Although DSA isn't explicitly mentioned here I think the very last paragraph hints at how you can get rid of your script and fix this problem directly in setup: openwrt vlan switch configuration (specifically the dot-notation on ifname creating VLAN IDs 106 and 204 in this case.
config interface 'lan'
option type 'bridge'
option ifname 'eth0.106'
option proto 'static'
option ipaddr '192.168.1.1'
option netmask '255.255.255.0'
config interface 'wan'
option ifname 'eth0.204'
option proto 'dhcp'
I have tested and this indeed clears the warning/error message in the kernel logs. I need to rebuild without deleting this patch to make sure it truly fixes this issue.
My bad -- I mostly ignored the documentation (linked page) because it's still addressing switch setup using the "switch" section in /etc/config/network. The VLAN information section is still applicable other than that.
EDIT: I still don't see how to configure tagged vs. untagged without the "switch" section. I don't see how to specify independently how cpu and lan/wan ports get specified as tagged or untagged.

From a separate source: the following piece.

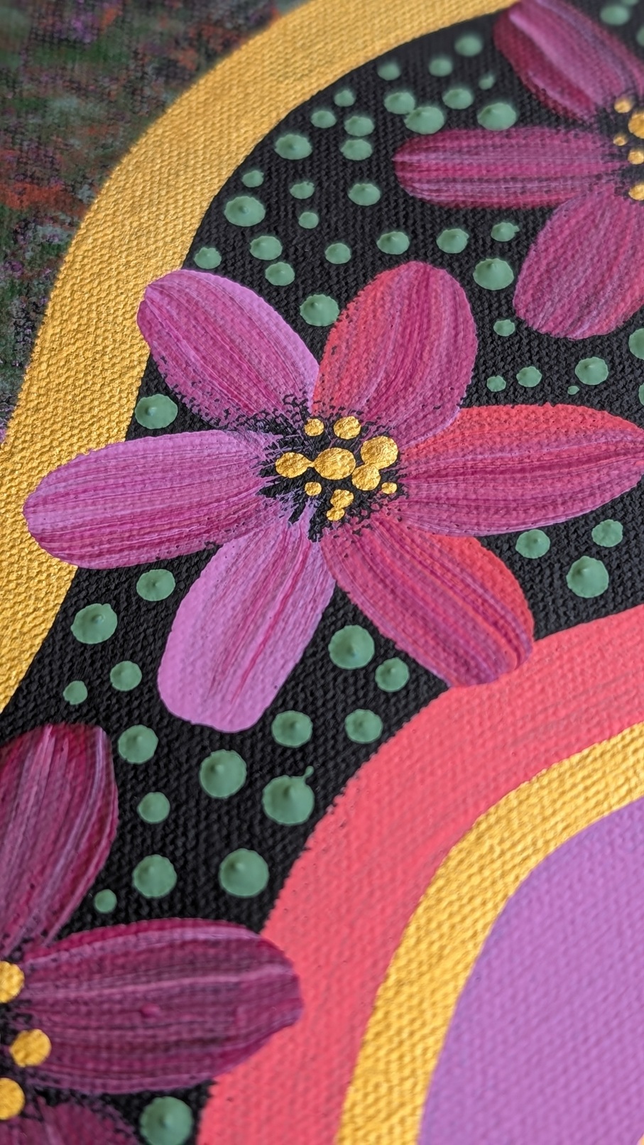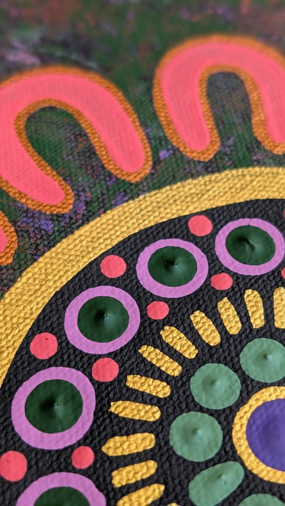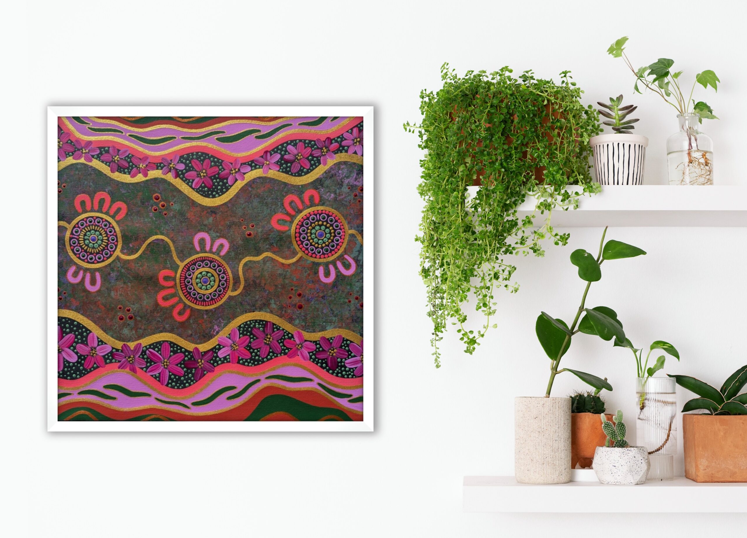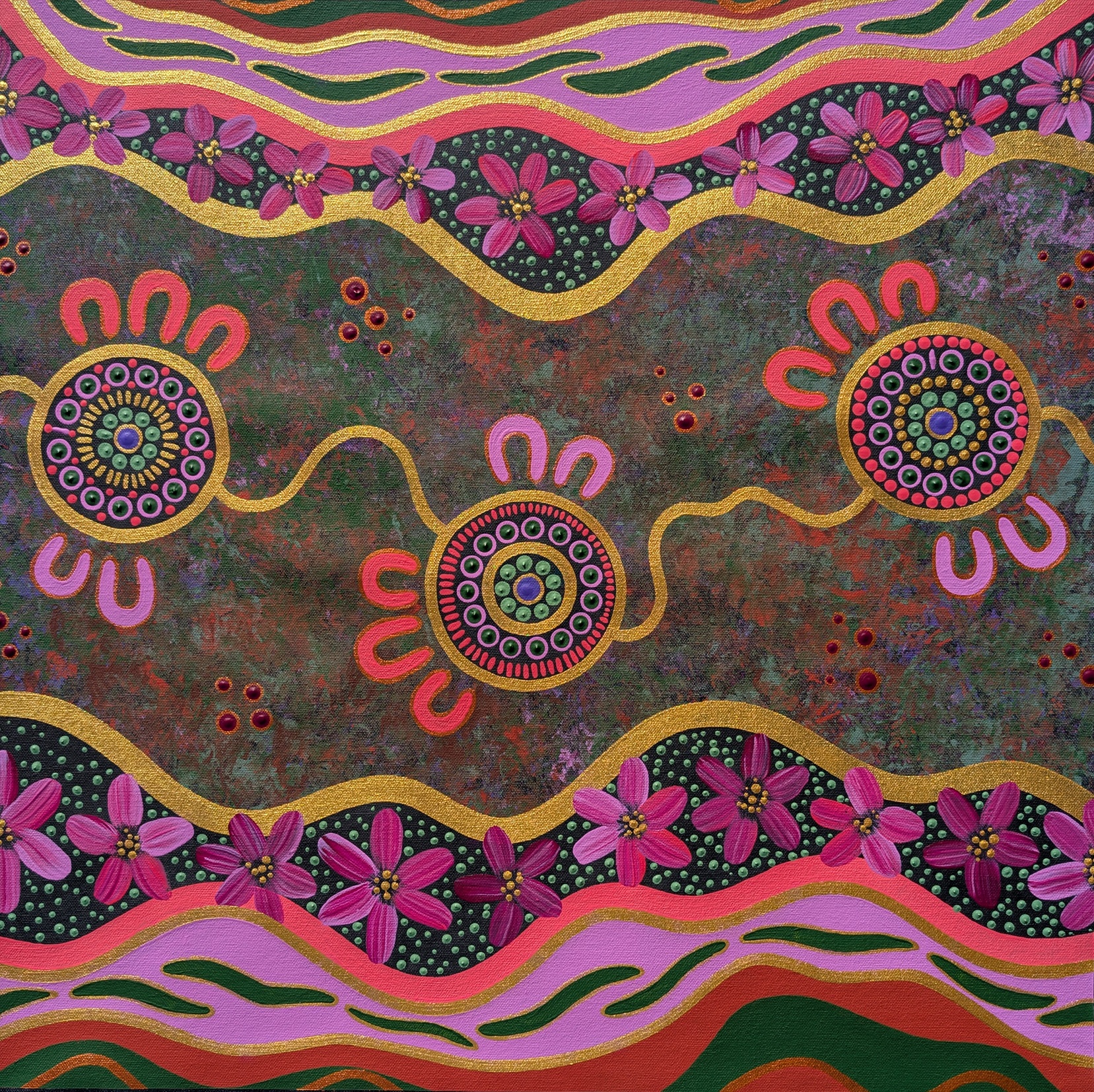 Medicine leaves represent healing and the passing down of knowledge. Deep greens symbolise flourishing Country, bright pinks and purples symbolise new life, seasonal change and joy while warm earth tones represent the vibrance and energy of the land and metallic golds represent the journeys of our ancestors.

I was playing around, trying to ferret out information on what can be done with netifd, as things have changed since I last poked around. In case it is of any use here is a snippet:
That looks very interesting, thanks. I'll have to read up and experiment some with this.

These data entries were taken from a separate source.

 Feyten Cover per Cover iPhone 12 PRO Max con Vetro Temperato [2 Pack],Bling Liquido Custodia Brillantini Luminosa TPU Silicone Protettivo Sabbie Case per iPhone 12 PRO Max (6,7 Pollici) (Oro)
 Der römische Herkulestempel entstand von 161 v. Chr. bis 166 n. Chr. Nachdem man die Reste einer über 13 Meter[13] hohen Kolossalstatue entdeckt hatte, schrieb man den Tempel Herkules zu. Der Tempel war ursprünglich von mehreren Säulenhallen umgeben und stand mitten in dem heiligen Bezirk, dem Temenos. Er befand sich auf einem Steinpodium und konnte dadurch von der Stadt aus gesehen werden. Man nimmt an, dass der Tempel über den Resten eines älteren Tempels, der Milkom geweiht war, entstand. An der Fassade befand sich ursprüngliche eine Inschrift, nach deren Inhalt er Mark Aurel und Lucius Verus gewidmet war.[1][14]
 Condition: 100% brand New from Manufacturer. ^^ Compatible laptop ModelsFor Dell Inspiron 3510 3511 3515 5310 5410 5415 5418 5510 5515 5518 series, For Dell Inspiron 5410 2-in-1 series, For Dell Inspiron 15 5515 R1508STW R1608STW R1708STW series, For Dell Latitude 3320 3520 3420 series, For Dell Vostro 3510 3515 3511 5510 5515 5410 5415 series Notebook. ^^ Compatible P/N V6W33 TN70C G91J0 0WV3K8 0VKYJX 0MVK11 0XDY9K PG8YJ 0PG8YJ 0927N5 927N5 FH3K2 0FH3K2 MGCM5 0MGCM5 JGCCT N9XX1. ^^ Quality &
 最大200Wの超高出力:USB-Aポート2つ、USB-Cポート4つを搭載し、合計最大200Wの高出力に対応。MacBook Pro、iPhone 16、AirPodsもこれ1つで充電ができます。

As a side note: I just tried your earlier suggestion and used: option ifname 'lan3.2' and that also appears to work for my usecase without any additional scripts
I believe the piece I'm missing is configuring the switch as a device via netifd. I'm not completely sure how to set it up as in a few cases where routers are buried on an internal network I'm pulling in the wan port as part of a VLAN, effectively using the router with 5 "lan" ports. Since these are on two different CPUs I'm guessing I need two switch devices and I'll need to investigate the syntax for this.
The thread you linked is informative and it's possible the information is in there. I likely won't have time to play with this until the weekend.
No changes to wireless config, which attach to all 3 networks. I have a few other configurations where wan is bridged with a lan port, I have yet to test that. Also, per the PR anomeome linked for now we still need "bridge" specified in the interface config although it appears at some point this will be going away.
This syntax is slightly different than that shown in the PR -- I couldn't get the PR syntax to work (using list for lan1, lan2, etc).